Die gute Nachricht ist, dass wir eine fixe Nachfolge für unsere Zahnärztin Dr. Setaffy haben, die demnächst in den Ruhestand tritt. Das freut mich sehr, da ja viele andere Gemeinden auf Zahnarztsuche sind! Das PVE Diakonissen im Areal des Stiftes ist mit Vertretungs- und Aushilfsärzten neben dem Stammpersonal angelaufen, aber der Wunsch ist da, das Stammpersonal auszubauen. Es braucht seine Zeit, um zu wachsen, es ist jedoch eine Herausforderung.

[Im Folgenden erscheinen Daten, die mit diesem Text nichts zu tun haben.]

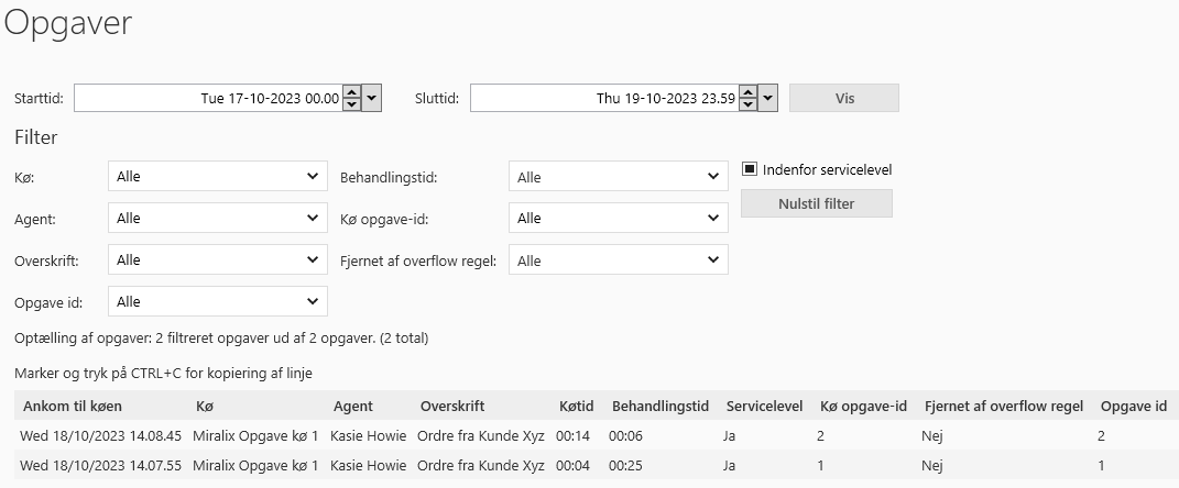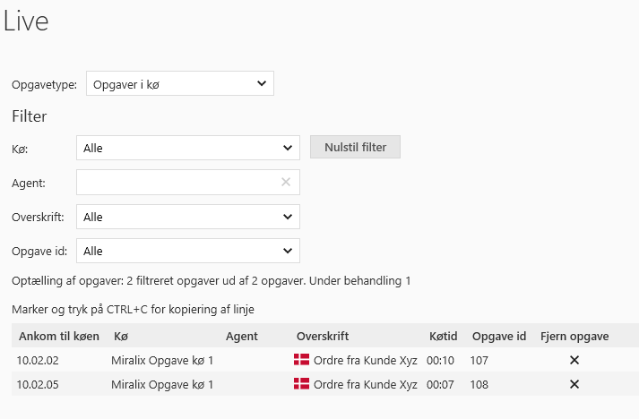 Listen opdateres live af opgaver, som venter i kø, eller som er i gang. Her er også mulighed for at filtrere på opgaverne, der står i kø således, at der kun ses opgaver til en specifik kø. Her er mulighed for at filtrere på forskellige parameter.

Welche größeren Projekte stehen an?
Die größeren Bauvorhaben in naher Zukunft betreffen die Wasserversorgung und den Lückenschluss auf der Straße nach Selzthal. Seit 2020 haben wir die Quellfassungen in Weng und Johnsbach neu gemacht, im Ortsteil Weng werden um die 1,5 Millionen Euro in die Sanierung der Wasserversorgung investiert; mit neuem, größeren Hochbehälter, UV-Anlage und Leitungsstrang. In Johnsbach kommt auch ein neuer Hochbehälter. Wir sind somit krisensicherer.
Die Straße nach Selzthal wird künftig durchgehend asphaltiert sein. Der ca. 1,5 Kilometer lange Schotterabschnitt hat uns jährlich um die 20.000 Euro an Gräderarbeiten gekostet, das war wenig gut investiertes Geld.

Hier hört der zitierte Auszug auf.